The more often that crawlers visit your pages, the quicker updates and new pages appear in the index. Consequently, your optimization efforts will take less time to take hold and start affecting your rankings.
Google’s index contains hundreds of billions of pages and is growing each day. It costs search engines to crawl each URL, and with the growing number of websites, they want to reduce computational and storage costs by reducing the crawl rate and indexation of URLs.
There is also a growing urgency to reduce carbon emissions for climate change, and Google has a long-term strategy to improve sustainability and reduce carbon emissions.
These priorities could make it difficult for websites to be crawled effectively in the future. While crawl budget isn’t something you need to worry about with small websites with a few hundred pages, resource management becomes an important issue for massive websites. Optimizing crawl budget means having Google crawl your website by spending as few resources as possible.
So, let’s discuss how you can optimize your crawl budget in today’s world.
1. Disallow Crawling Of Action URLs In Robots.Txt
You may be surprised, but Google has confirmed that disallowing URLs will not affect your crawl budget. This means Google will still crawl your website at the same rate. So why do we discuss it here?
Well, if you disallow URLs that are not important, you basically tell Google to crawl useful parts of your website at a higher rate.
For example, if your website has an internal search feature with query parameters like /?q=google, Google will crawl these URLs if they are linked from somewhere.
Similarly, in an e-commerce site, you might have facet filters generating URLs like /?color=red&size=s.
These query string parameters can create an infinite number of unique URL combinations that Google may try to crawl.
Those URLs basically don’t have unique content and just filter the data you have, which is great for user experience but not for Googlebot.
Allowing Google to crawl these URLs wastes crawl budget and affects your website’s overall crawlability. By blocking them via robots.txt rules, Google will focus its crawl efforts on more useful pages on your site.
Here is how to block internal search, facets, or any URLs containing query strings via robots.txt:
Disallow: *?*s=*
Disallow: *?*color=*
Disallow: *?*size=*
Each rule disallows any URL containing the respective query parameter, regardless of other parameters that may be present.
- * (asterisk) matches any sequence of characters (including none).
- ? (Question Mark): Indicates the beginning of a query string.
- =*: Matches the = sign and any subsequent characters.
This approach helps avoid redundancy and ensures that URLs with these specific query parameters are blocked from being crawled by search engines.
Note, however, that this method ensures any URLs containing the indicated characters will be disallowed no matter where the characters appear. This can lead to unintended disallows. For example, query parameters containing a single character will disallow any URLs containing that character regardless of where it appears. If you disallow ‘s’, URLs containing ‘/?pages=2’ will be blocked because *?*s= matches also ‘?pages=’. If you want to disallow URLs with a specific single character, you can use a combination of rules:
Disallow: *?s=*
Disallow: *&s=*
The critical change is that there is no asterisk ‘*’ between the ‘?’ and ‘s’ characters. This method allows you to disallow specific exact ‘s’ parameters in URLs, but you’ll need to add each variation individually.
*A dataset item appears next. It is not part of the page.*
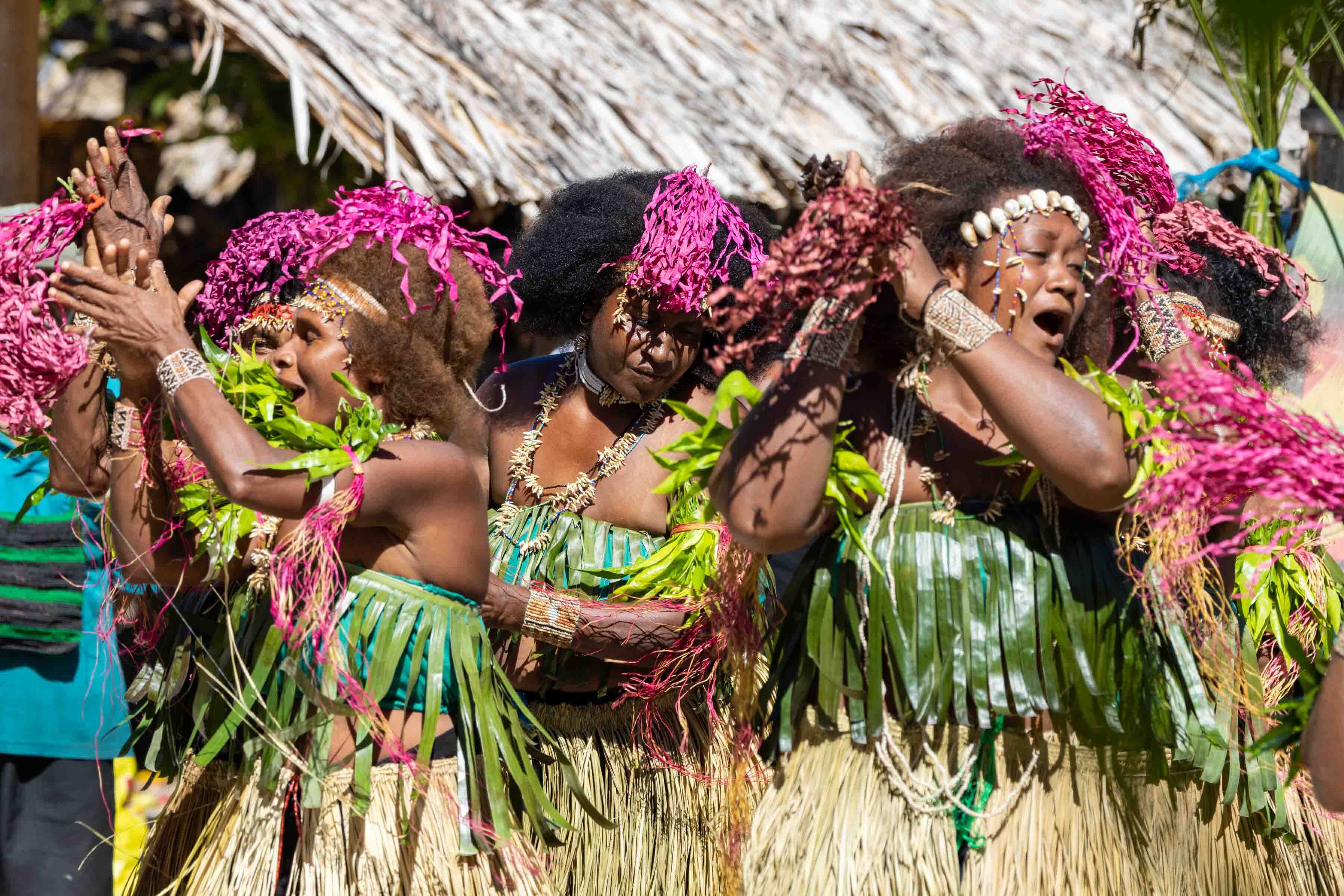 Our guests were shaded from the sun beneath a shelter and treated to a truly remarkable experience of local heritage. As musicians in grass skirts played vibrant songs, throngs of dancers took center stage. The first songs told stories of butterflies, the collection of food, and life on the island. As the show went on it built to a battle of the mud men, with villagers covered in black mud defeating those in red for the favor of the women of the village.

Apply these rules to your specific use cases for any URLs that don’t provide unique content. For example, in case you have wishlist buttons with “?add_to_wishlist=1” URLs, you need to disallow them by the rule:
Disallow: /*?*add_to_wishlist=*
This is a no-brainer and a natural first and most important step recommended by Google.
An example below shows how blocking those parameters helped to reduce the crawling of pages with query strings. Google was trying to crawl tens of thousands of URLs with different parameter values that didn’t make sense, leading to non-existent pages.
However, sometimes disallowed URLs might still be crawled and indexed by search engines. This may seem strange, but it isn’t generally cause for alarm. It usually means that other websites link to those URLs.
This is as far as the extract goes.